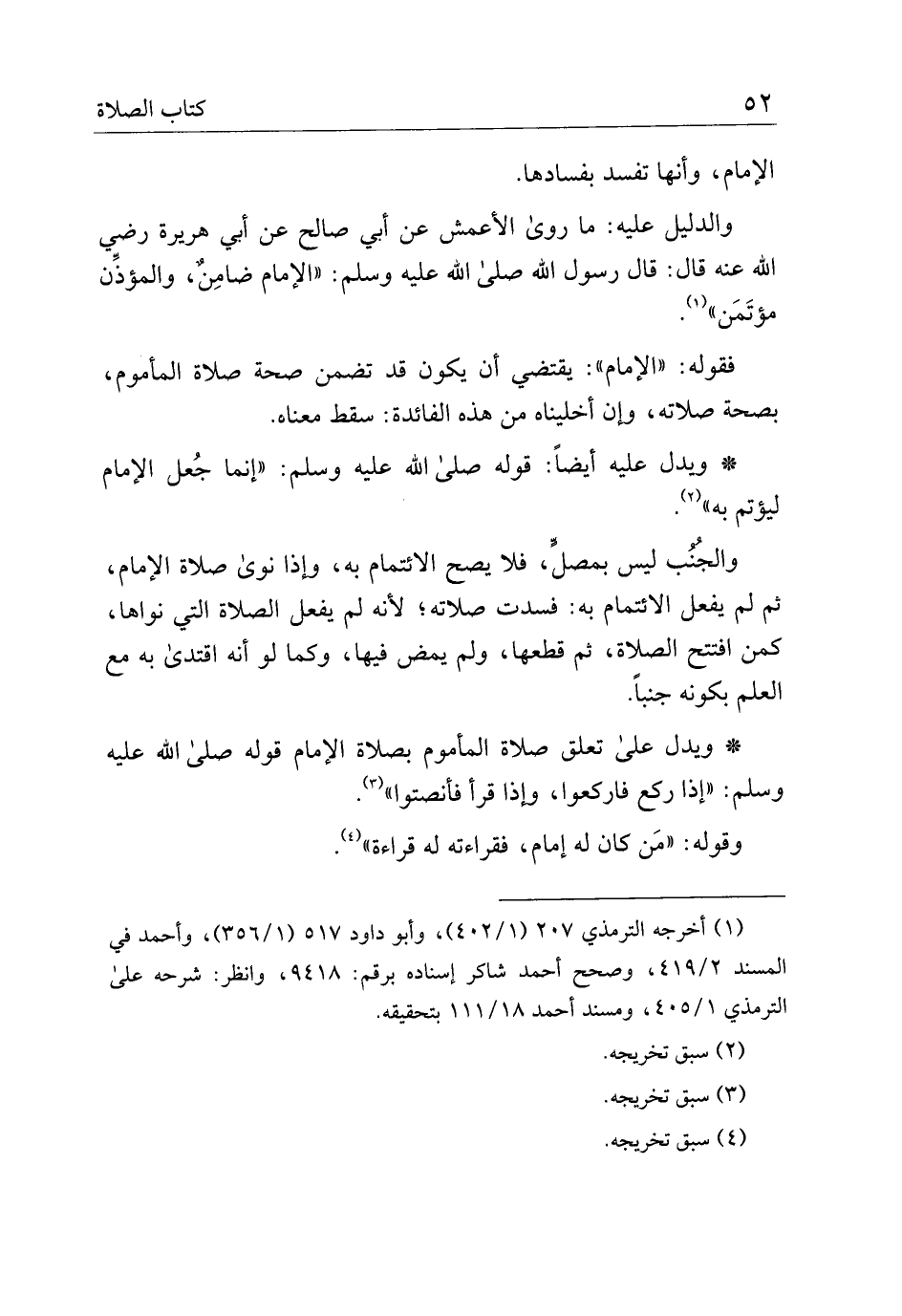 فقوله: "الإمام": يقتضي أن يكون قد تضمن صحة صلاة المأموم، بصحة صلاته، وإن أخليناه من هذه الفائدة: سقط معناه.
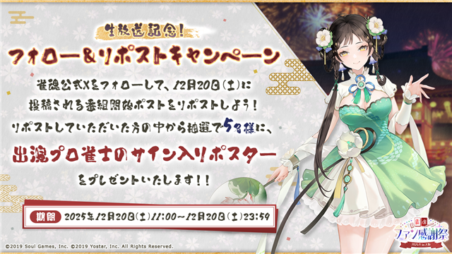 Yostarは、対戦型麻雀ゲーム『雀魂-じゃんたま-』において、12月20日にグランキューブ大阪(大阪府立国際会議場)にて入場無料で開催するリアルイベント『雀魂ファン感謝祭2025冬in大阪』の特設サイトを更新し、同イベントで実施する各種プログラムや出演者、物販等の情報を公開したことを発表した。
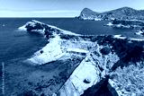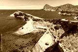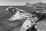 Boat houses at Punta Galera bay surrounded by amazing stone formations, Ibiza island, Spain
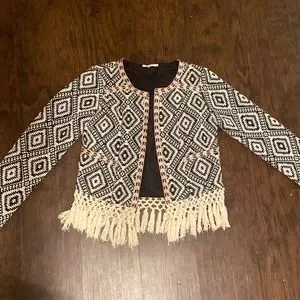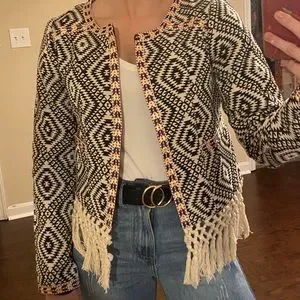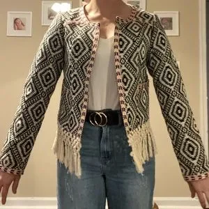 EUC! This jacket is everything! I searched and searched for it to get black and white so it would go with more. Perfect for fall and spring, lightweight, lined, two pockets. Looks great with cropped shirts or high waisted pants with a tucked shirt as shown
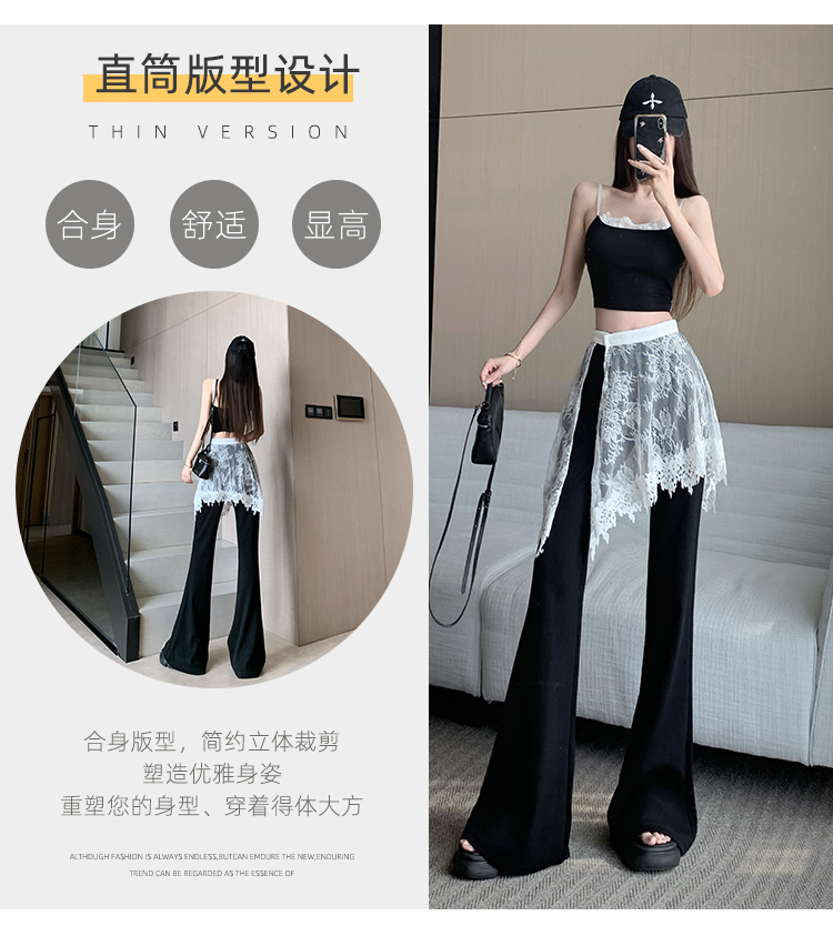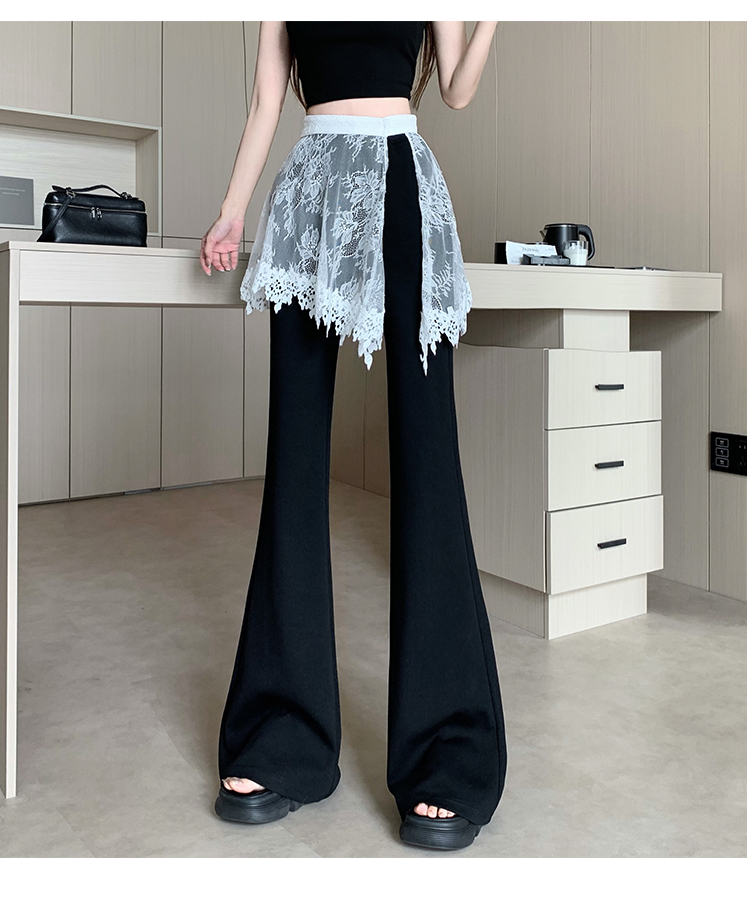 MY5148# 慵懒蕾丝屁帘微喇裤新款高腰显瘦时尚两件套休闲拖地裤女裝貨源服裝批發
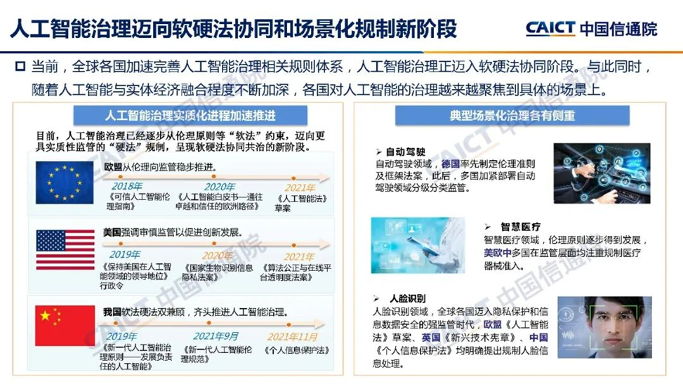 4、人工智能治理邁入軟硬法協(xié)同和場景規(guī)制新階段。人工智能治理實質(zhì)化進(jìn)程加速推進(jìn),各國人工智能治理側(cè)重各有不同,但整體上呈現(xiàn)加速演進(jìn)態(tài)勢,即從初期構(gòu)建以“軟法”為導(dǎo)向的社會規(guī)范體系,開始推進(jìn)以“硬法”為保障的風(fēng)險防控體系。典型場景化治理加速落地,各國紛紛注意到人工智能應(yīng)用場景多樣化和差異化給治理帶來的復(fù)雜性,典型場景的治理成為各國的工作重點,特別聚焦于自動駕駛、智慧醫(yī)療和人臉識別等領(lǐng)域。
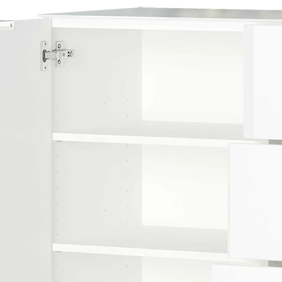 - Max. Belastbarkeit Schubladen und Einlegeböden: 10 kg, Unterboden: 15 kg, Deckplatte gleichmäßig verteilt 30 kg
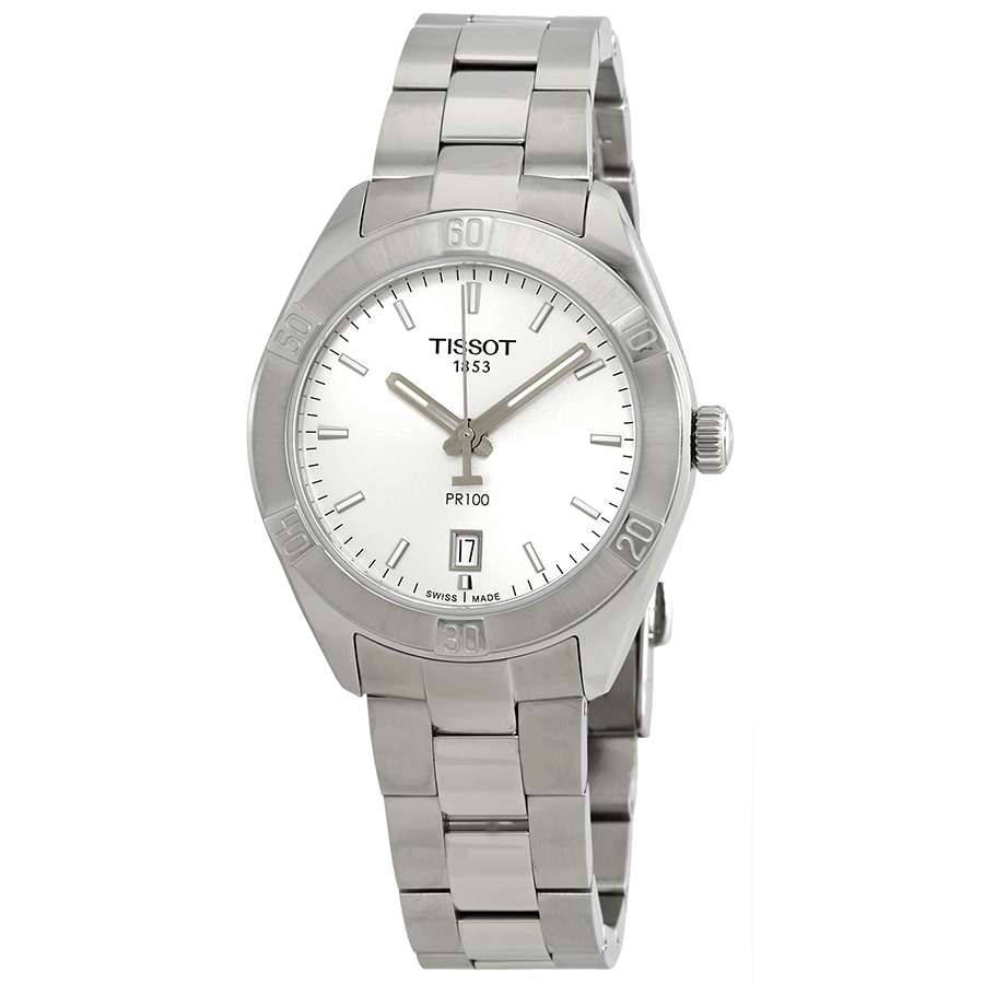 Stainless steel case with a stainless steel bracelet. Fixed stainless steel bezel. Silver dial with luminous silver-tone hands and index hour markers. Minute markers around the outer rim. Dial Type: Analog. Luminescent hands and markers. Date display at the 3 o'clock position. ETA caliber 955.412 quartz movement. Scratch resistant sapphire crystal. Pull / push crown. Solid case back. Round case shape. Case size: 36 mm. Case thickness: 9 mm. Band width: 18 mm. Fold over clasp with a push button release. Water esistant at 100 meters / 330 feet. Functions: date, hour, minute, second, battery eol indicator. Casual watch style. Watch label: Swiss Made. Tissot PR100 Silver Dial Stainless Steel Ladies Watch T101.910.11.031.00.
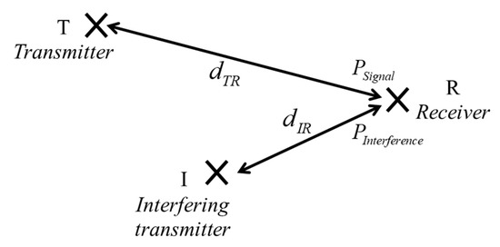where is the receiver antennas gain, is the wavelength of the transmitted signal (c is the speed of light, f is the frequency), and are the distances between the transmitter or interferer to the receiver, respectively, and is the power attenuation factor caused by the atmospheric medium. The signal to interference power ratio at the receiver site is given by the following:
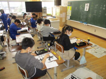 書写の学習をしました。3年生になって初めて学習した毛筆です。最初は「一」からスタートしましたが、今日は「水玉」に挑戦。ずいぶんレベルアップしています。
################
Directions
Going by the data above, the answer is exactly the lines from the one holding "Yostarは、対戦型麻雀ゲ" to the one holding "- Max. Belastbarkeit", both kept, with the pictures left out.

Your response
 Yostarは、対戦型麻雀ゲーム『雀魂-じゃんたま-』において、12月20日にグランキューブ大阪(大阪府立国際会議場)にて入場無料で開催するリアルイベント『雀魂ファン感謝祭2025冬in大阪』の特設サイトを更新し、同イベントで実施する各種プログラムや出演者、物販等の情報を公開したことを発表した。
 Boat houses at Punta Galera bay surrounded by amazing stone formations, Ibiza island, Spain
 EUC! This jacket is everything! I searched and searched for it to get black and white so it would go with more. Perfect for fall and spring, lightweight, lined, two pockets. Looks great with cropped shirts or high waisted pants with a tucked shirt as shown
 MY5148# 慵懒蕾丝屁帘微喇裤新款高腰显瘦时尚两件套休闲拖地裤女裝貨源服裝批發
 4、人工智能治理邁入軟硬法協(xié)同和場景規(guī)制新階段。人工智能治理實質(zhì)化進(jìn)程加速推進(jìn),各國人工智能治理側(cè)重各有不同,但整體上呈現(xiàn)加速演進(jìn)態(tài)勢,即從初期構(gòu)建以“軟法”為導(dǎo)向的社會規(guī)范體系,開始推進(jìn)以“硬法”為保障的風(fēng)險防控體系。典型場景化治理加速落地,各國紛紛注意到人工智能應(yīng)用場景多樣化和差異化給治理帶來的復(fù)雜性,典型場景的治理成為各國的工作重點,特別聚焦于自動駕駛、智慧醫(yī)療和人臉識別等領(lǐng)域。
 - Max. Belastbarkeit Schubladen und Einlegeböden: 10 kg, Unterboden: 15 kg, Deckplatte gleichmäßig verteilt 30 kg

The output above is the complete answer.